# The Dang Neck of the Jug is Too



## cst (Nov 7, 2011)

Big. Or my stopper is too small. 
Somebody'd posted about making their wine with some organic apple juice. I am generally opposed to the whole organic thing. I'm all about better living through chemistry. Anyhow, I was walking through the Safeway and saw a jug of the stuff and thought "well, I could use another gallon jug." So I paid nine bucks for a jug of cloudy juice. A three quart jug. I shoulda looked more closely at the label. Well the capacity was not the only thing that was not as I expected. The neck opening which looked like it should take a #6.5 stopper did. It swallowed it whole. I didnt notice this until I had mixed two and a half pounds of honey along with some additives into the juice. It turns out I havent got a spare gallon jug around and the closest homebrew store is about 75 miles away. 
got any ideas for a stopgap until I can get a larger stopper in the mail?


----------



## cst (Nov 7, 2011)

Oh yeah the cap the jug came with is metal, so I am not sure about drilling a hole and sticking a tube in it. I figured it might rust.


----------



## grapeman (Nov 7, 2011)

If you are just beginning this, then you don't need an airlock yet. Cover it with something (yes even the cap screwed lightly to let air out) and get yourself a bit bigger stopper.


----------



## cpfan (Nov 7, 2011)

cst...

From the description you need a #7.5 or #8 stopper. I have no experience with 3 quart jugs from Maryland though.

Steve


----------



## robie (Nov 7, 2011)

hang onto that smaller jug. It will come in handy someday when you can't quite fill a 1-gallon.


----------



## Flem (Nov 7, 2011)

Sounds like you need a gallon jug for your secondary. Go out and buy a jug of Carlo Rossi (cheap), drink the wine, and save the jug.


----------



## almargita (Nov 7, 2011)

I love the apple juice or cider glass jugs. The large opening takes a number 8 stopper. I picked up a bunch for free, at a glass place

Al


----------



## cst (Nov 7, 2011)

Yeah, all my gallon jugs are filled (theyve got the proper#6.5 sized openings) and while I am normally no snob I hate to be seen buying Carlo Rossi. People stop you and ask if everything is ok and then hand you their pocket change. Its prolly cheaper than driving over to the homebrew store though.


----------



## Flem (Nov 7, 2011)

That's what I was thinking.


----------



## Julie (Nov 7, 2011)

cst said:


> Yeah, all my gallon jugs are filled (theyve got the proper#6.5 sized openings) and while I am normally no snob I hate to be seen buying Carlo Rossi. People stop you and ask if everything is ok and then hand you their pocket change. Its prolly cheaper than driving over to the homebrew store though.

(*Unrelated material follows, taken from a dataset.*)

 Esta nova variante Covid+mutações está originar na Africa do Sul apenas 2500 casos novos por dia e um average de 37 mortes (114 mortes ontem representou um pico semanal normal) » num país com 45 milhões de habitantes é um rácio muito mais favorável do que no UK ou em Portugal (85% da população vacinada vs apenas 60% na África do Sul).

cst, have you ever thought that maybe you can get enough pocket change to pay for the carlo rossi?


----------



## cst (Nov 7, 2011)

Very true, but the humiliation. The humanity!


----------



## cst (Nov 8, 2011)

I ended up setting the bung in there and it is staying, but I dont trust it for airtightness. I think I shoulda gone for a big blowoff tube. I wonder how well wrapping the bung in saran wrap will do for a gasket till my new one comes in the mail? Either way the ferment is going well.


----------



## grapeman (Nov 8, 2011)

You really don't lead to worry about air leakage at this stage. It is producing C02 which pushes out the 02. Also the active fermentaion can use a bit of oxygen for yeast multiplication.


----------



## cst (Nov 8, 2011)

Yeah, I undersand. I was not expecting such a vigorous reaction from a mead variant. Ive experienced this with fruit wines before and beer but this is my first cyser. Even so a blowoff tube would help me keep things neater.


----------



## JohnT (Nov 8, 2011)

I would drill a hole in the screw cap. This will hold you for now (until you can get a replacement). 

One thought... how close is the nearest recycling center. You could try to get one there, then clean the SH*T out of it berfore use.


----------